Stored data
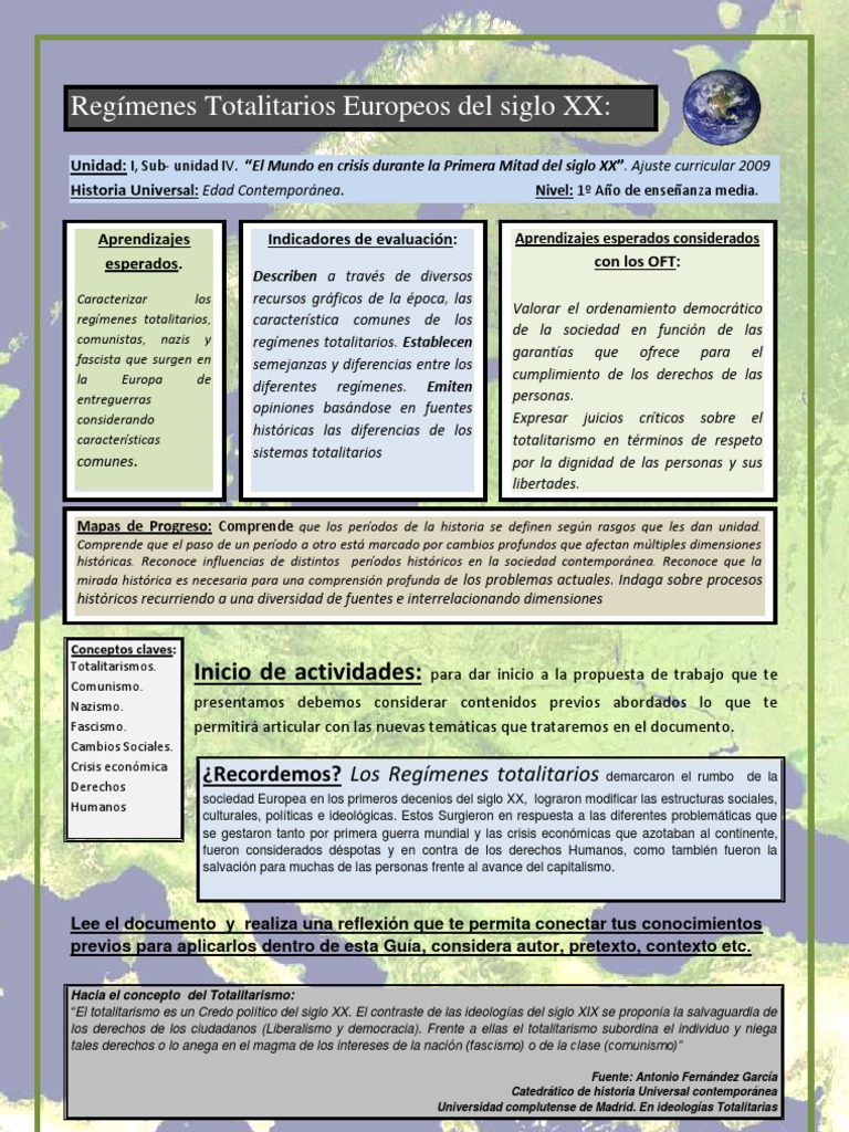 Cmo crees t que los regmenes totalitarios modificaron la panormica poltica, econmica, social e ideolgica en Europa durante los primeros decenios del siglo XX? Se respetaron los derechos de las personas y las bases democrticas? Desarrolla la pregunta en base a tus conocimientos y lo aplicado durante el proceso de esta gua. Finalizado este proceso te propondr, realizar una ponencia apoyado con un ppt o un escrito en que permita evidenciar todo lo que has implementado durante el desarrollo de la propuesta.
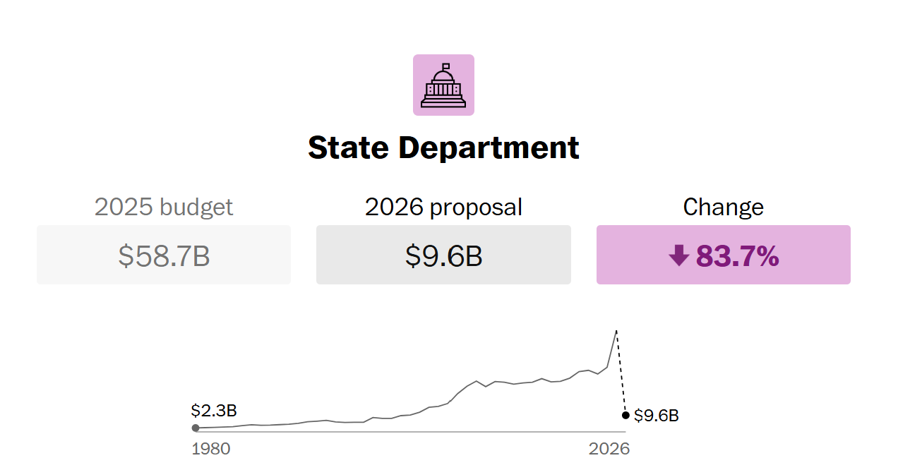 Президент США Дональд Трамп предлагает в следующем году сократить почти 84% финансирования Государственного департамента, который является центром американской дипломатии и внешней политики, пишет The Washington Post. Именно такое предложение Трамп изложил в бюджетном запросе на 2026 год.
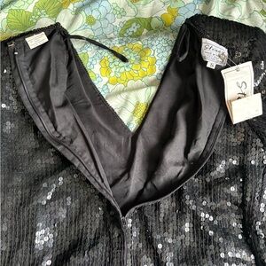 Vtg Stenay Black Multi Color Floral Silk Beaded Sequin Evening Blouse Top Size S
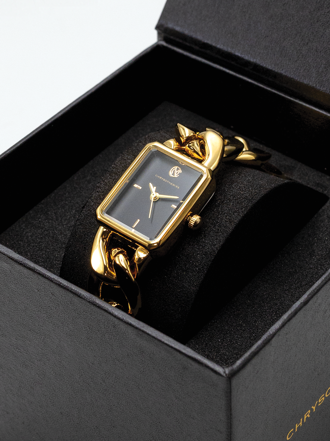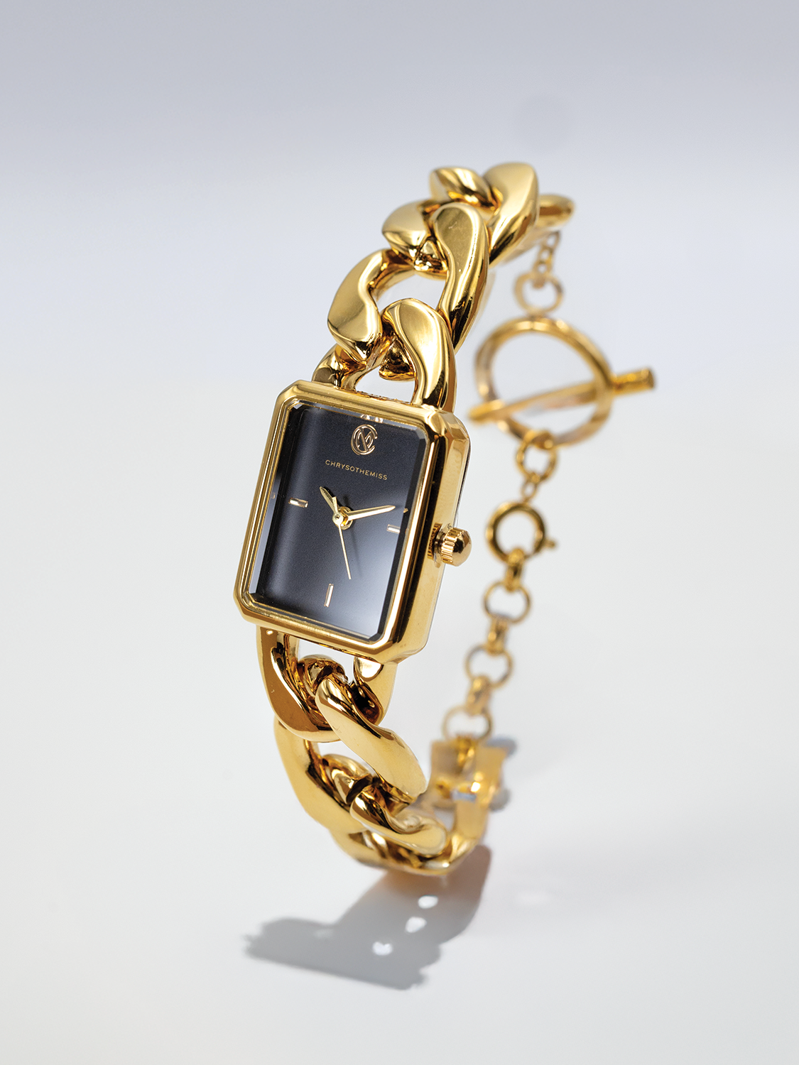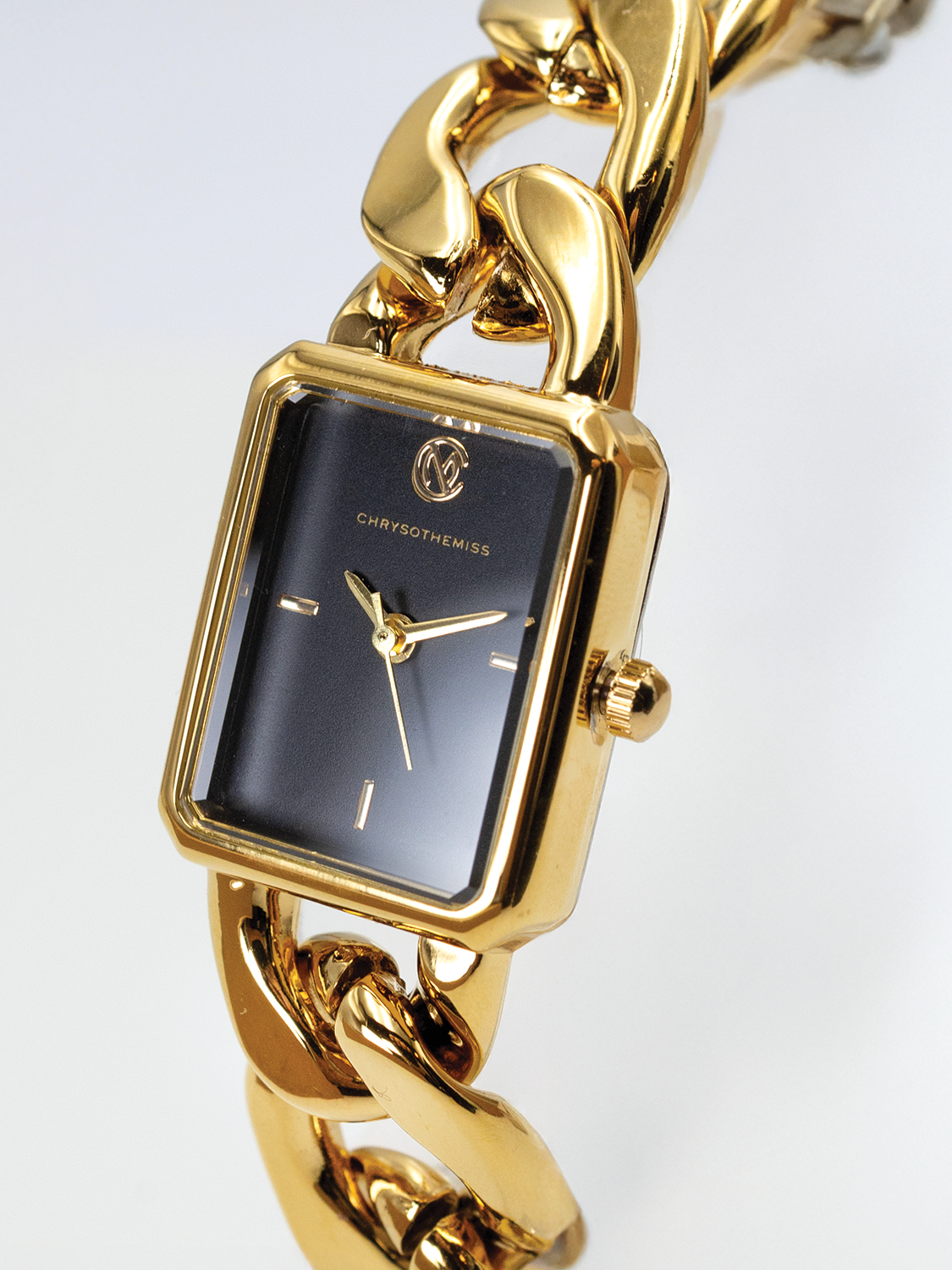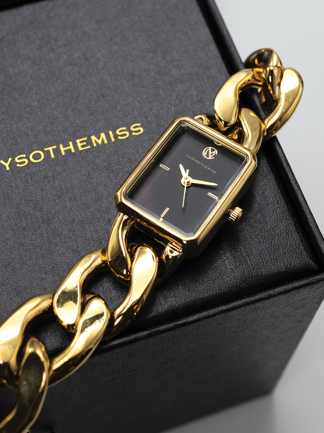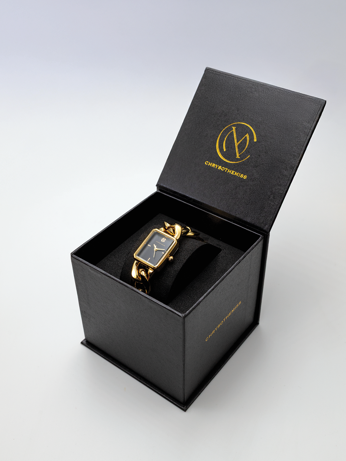 Γυναικείο Ρολόι Χειρός σε Χρυσό Χρώμα με Vintage Αλυσίδα και Μαύρο Καντράν
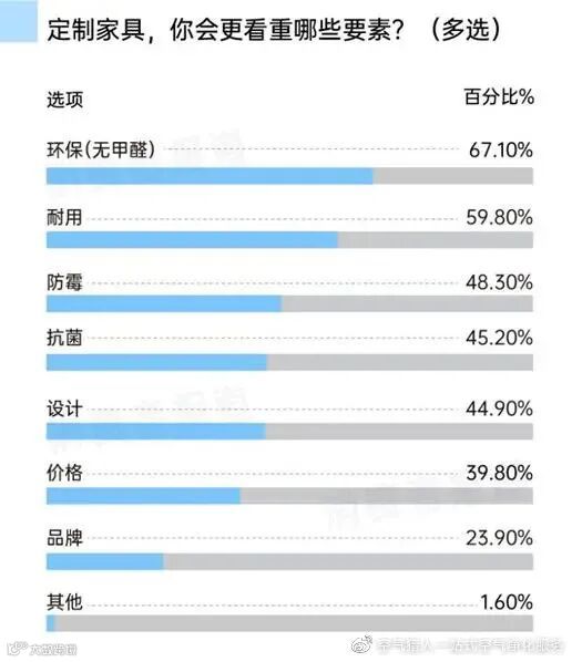 《2021中国家居消费趋势观察消费者报道调研报告》显示,1200名消费者对“定制家具,看重哪些要素”进行投票,其中“环保(无甲醛)”是消费者最看重的,达67.1%。
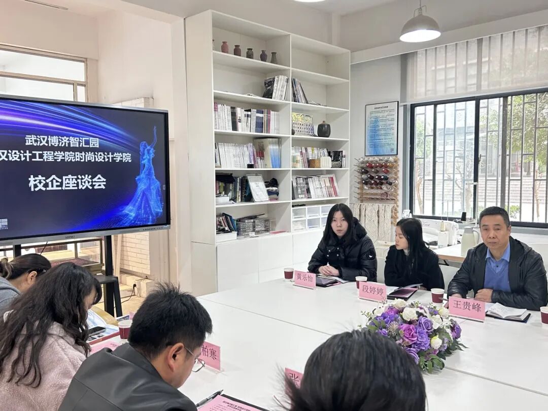 参观结束后,双方于鹤鸣1029举行了校企座谈会。座谈会由时尚设计学院陈柏寒副书记主持,她首先对武汉博济智汇园领导团队的到来表示热烈欢迎,并简要介绍了学院的基本情况、专业设置、人才培养模式以及近年来取得的教学成果。
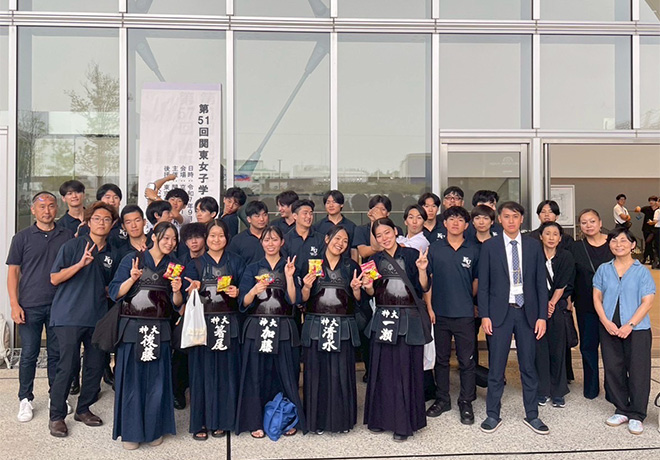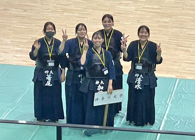 第51回 関東女子学生剣道優勝大会 2025年10月1日 第51回関東女子学生剣道優勝大会が9月20日(土)、東京都調布市にある京王アリーナTOKYO(武蔵野の森総合スポーツプラザ)で開催された。試合は五人制団体戦、84チームがエントリーした。 2回戦の神大は、山梨大学と対戦し、3対0で3回戦に進み、国士館大と対戦、1対4で惜敗した。続く、全日本出場決定戦1回戦は、桜美林大に1対0で勝進み、2回戦大正大に1対3で惜敗し、全日本大会には進めなかった。 【大会結果はこちら】 女子大会での1コマ 試合に出場した選手たち [ 一覧へ戻る ] ホーム 神大剣道部紹介 新着情報一覧 剣道部について 指導者・部員紹介 赤胴大会 1・2年生対抗戦 年間予定・実績 活動計画 活動実績 大会結果 フォトギャラリー 神大剣友会 剣友会名簿 剣友会のお知らせ 神大通信 入部希望の方へ 入試情報 (神奈川大学公式ホームページ) 卒業後の進路
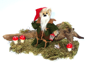 | Zwerg Der Pilz auf dem der Bär sitz ist gefilzt. Der Bär ist ca. 8cm groß und trägt eine Jacke aus Wildlederimitat und Holzperlen. An seinem aufwendig gefertigten Gürtel hängt ein kleiner Beutel und seine Mütze ist mit einem Glöckchen verziert 38,-€ |
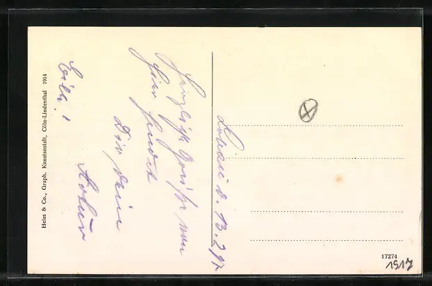 Personenbezogene Daten auf der Rückseite der Karte wurden durch blauen Textmarker unkenntlich gemacht. Die blauen Stellen sind auf die Vorderseite durchgeweicht und wirken sich negativ auf das Postkartenfoto aus
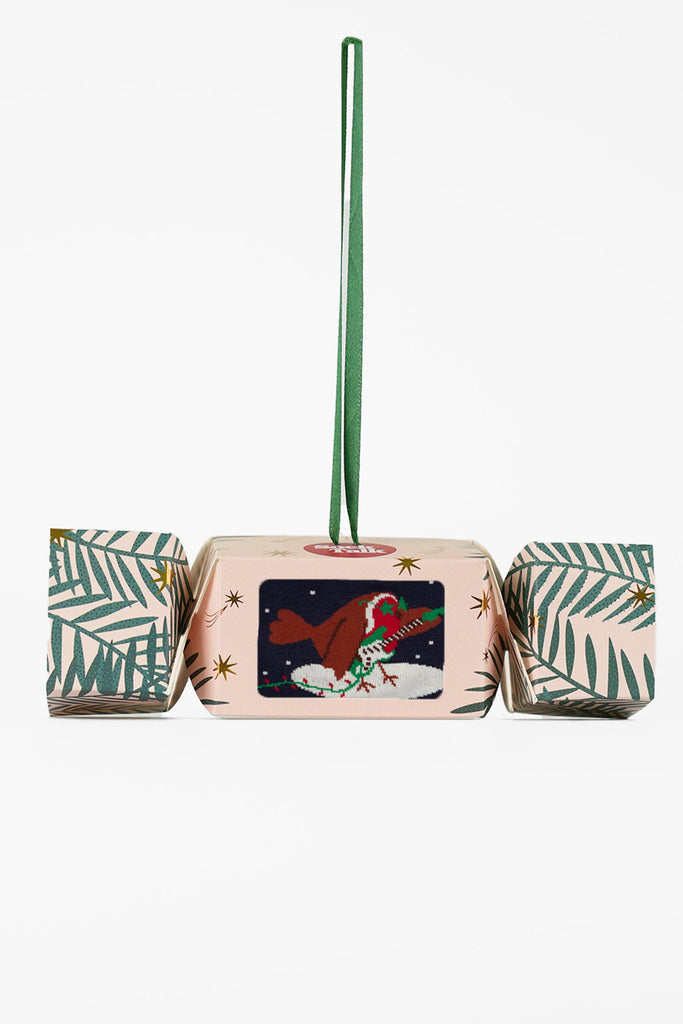 Men's Bamboo Crew Socks Christmas Cracker Gift Box - Navy Blue/Red, Rockin' Robin
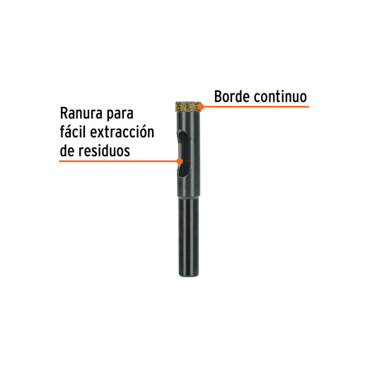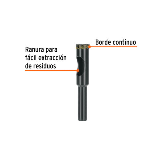 Proveedor:TruperBroca diamantada 12mm (1/2'), TRUPER Caja con 2, 103435Borde continuo y recubrimiento de diamante para cortes rápidos y finos sin despostillar Ranura amplia para fácil extracción de residuos...

» What is being asked
Skipping every picture, transcribe exactly the lines above from the one containing "Президент США Дональд" through the one containing "Vtg Stenay Black", both included.

» Solution for this exercise
 Президент США Дональд Трамп предлагает в следующем году сократить почти 84% финансирования Государственного департамента, который является центром американской дипломатии и внешней политики, пишет The Washington Post. Именно такое предложение Трамп изложил в бюджетном запросе на 2026 год.
 Vtg Stenay Black Multi Color Floral Silk Beaded Sequin Evening Blouse Top Size S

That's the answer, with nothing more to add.